Each speaker gets their own voice. Omit the cast parameter and speakers are auto-assigned from the voice roster.

voice_status()

Returns available voices, active presets, backend health, and configuration details.

Every voice ID follows the pattern {accent}{gender}_{name}. The prefix determines the language automatically:

PrefixLanguage
af_ / am_English (American)
bf_ / bm_English (British)
jf_ / jm_Japanese
zf_ / zm_Mandarin Chinese
ef_ / em_Spanish
ff_French
hf_ / hm_Hindi
if_ / im_Italian
pf_ / pm_Brazilian Portuguese

Wrap text in curly-brace tags to change the voice and speed per segment:

{joy}Great news!{/joy} {calm}Let me explain.{/calm}

Available emotions: neutral, serious, friendly, professional, calm, joy, urgent, whisper. Each maps to a specific voice and speed. Untagged text defaults to neutral.

Add inline sound effects with square-bracket tags:

[ding] Build complete! [chime] All tests passed.

Six tags available: [ding], [chime], [whoosh], [tada], [pop], [click]. Enable with sfx: true in voice_speak.

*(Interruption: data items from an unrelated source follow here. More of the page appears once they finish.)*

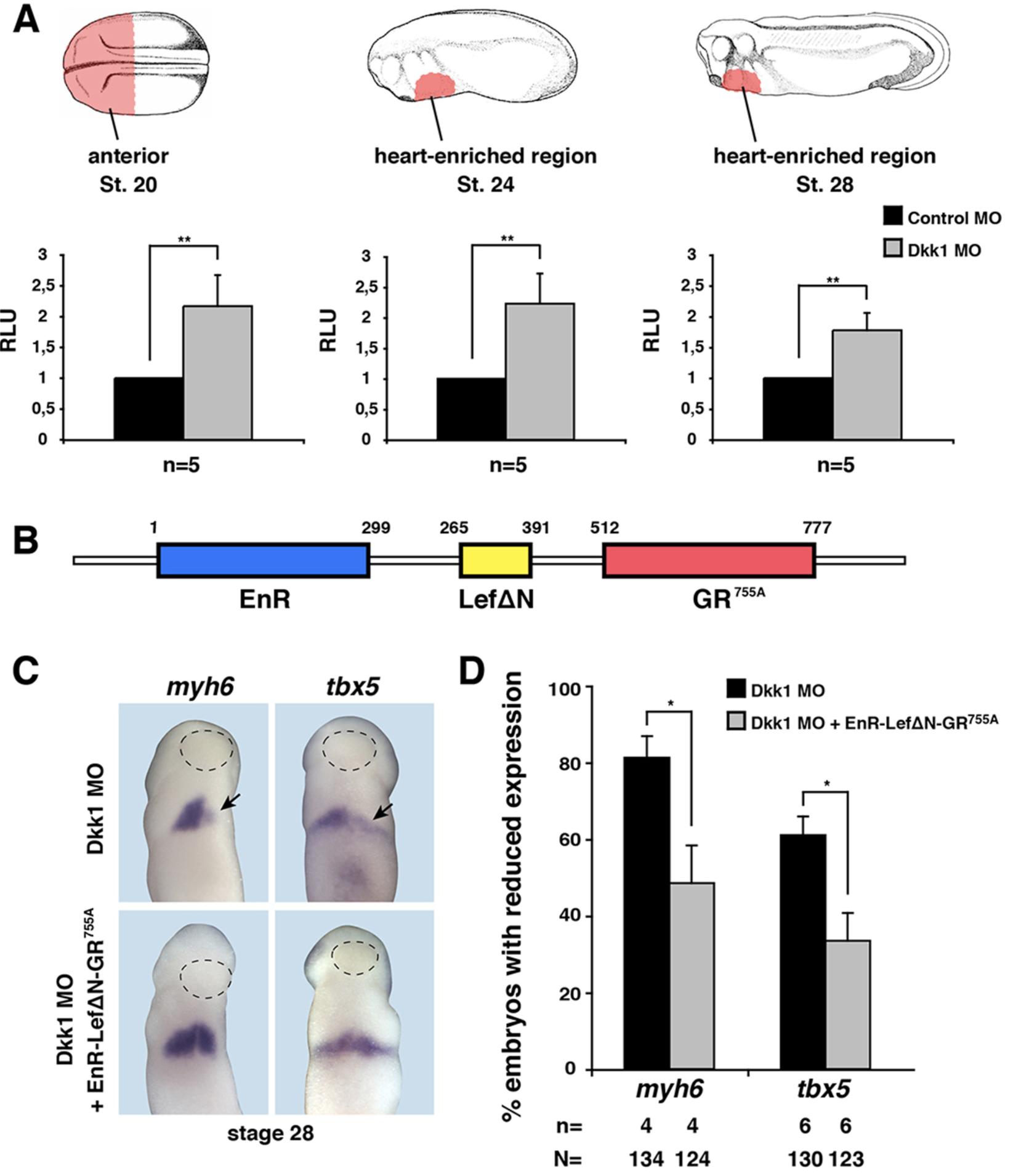 Fig. 7. Wnt/β-catenin activity is increased in the developing heart and inhibition of Wnt/β-catenin signaling rescues loss of Dkk1 phenotype. A. Wnt/β-catenin activity was monitored in the developing heart tissue (marked in pink) isolated from embryos at indicated stages. B. Schematic representation of EnR-LefδN-GR755A construct. Upon injection of this construct into embryos, the expression of LefδN can be induced to inhibit Wnt/β-catenin signaling by adding dexamethasone. C. Expression of cardiac differentiation markers was analyzed in embryos at stage 28 (black arrow). Dotted lines indicate the cement gland. Inhibition of Wnt/β-catenin signaling from stage 20 rescued loss of Dkk1 phenotype in unilaterally injected embryos. n = number of independent experiments, N = total number of embryos analyzed. Mean values with standard errors are given. *p < 0.05, **pâ¯<â¯0.01 with Mann-Whitney rank sum test. |
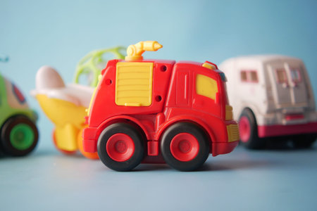 A truck car toy in a blue background
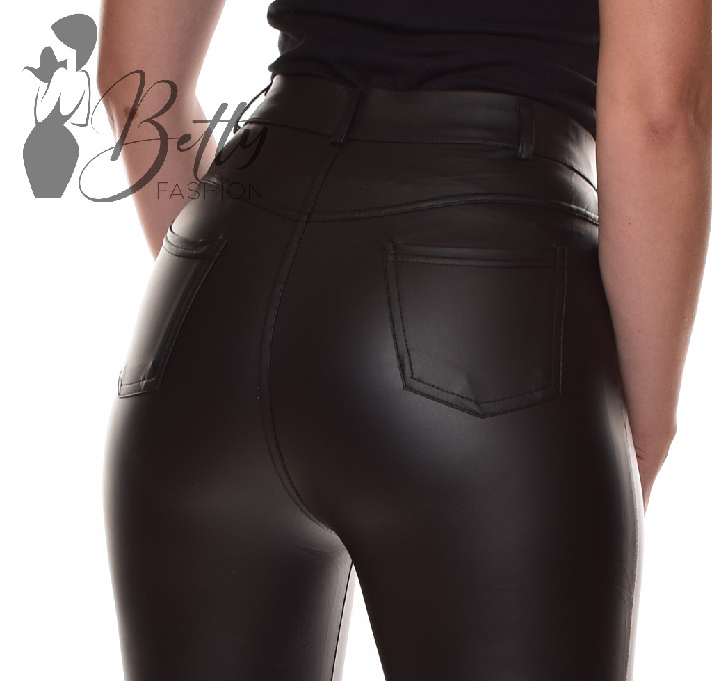 • Fekete színű, derekán gombos és cipzáros, műbőr nadrág

For finer timing and emphasis control:

<break time="500ms"/> <emphasis level="strong">important</emphasis>
<prosody rate="slow">Take your time.</prosody>
GoalHow
Read code aloudvoice_speak with narrator preset
Announce build resultsvoice_speak with announcer preset and SFX
Explain a conceptvoice_speak with storyteller preset
Quick notificationvoice_speak with short text
Conversational demovoice_dialogue with a cast mapping
Check engine healthvoice_status (no arguments)
Comedy deliveryvoice_speak with mood: "dry" (or roast, chaotic, cheeky, cynic, zoomer)

The TTS backend is not available. If you are using the default mock backend, this should not happen. For HTTP or Python backends, check that the backend URL or Python environment is reachable.

You passed a voice ID that is not in the 48-voice approved roster. Use voice_status to see the full list of valid voice IDs.

The text limit is 12,000 characters per request. Split long content into multiple calls.

The server applies per-tool rate limiting. Wait a moment and retry. This is a safety guardrail to prevent runaway synthesis.

The concurrency semaphore is full. The default limit is 3 concurrent requests. Wait for an active request to finish, or increase the limit with --max-concurrent.

The voice_inner_monologue tool requires explicit opt-in. Start the server with --ambient or set VOICE_SOUNDBOARD_AMBIENT_ENABLED=1.

The server auto-cleans files older than 240 minutes by default. Adjust with --retention-minutes=<n> or set to 0 to keep files indefinitely.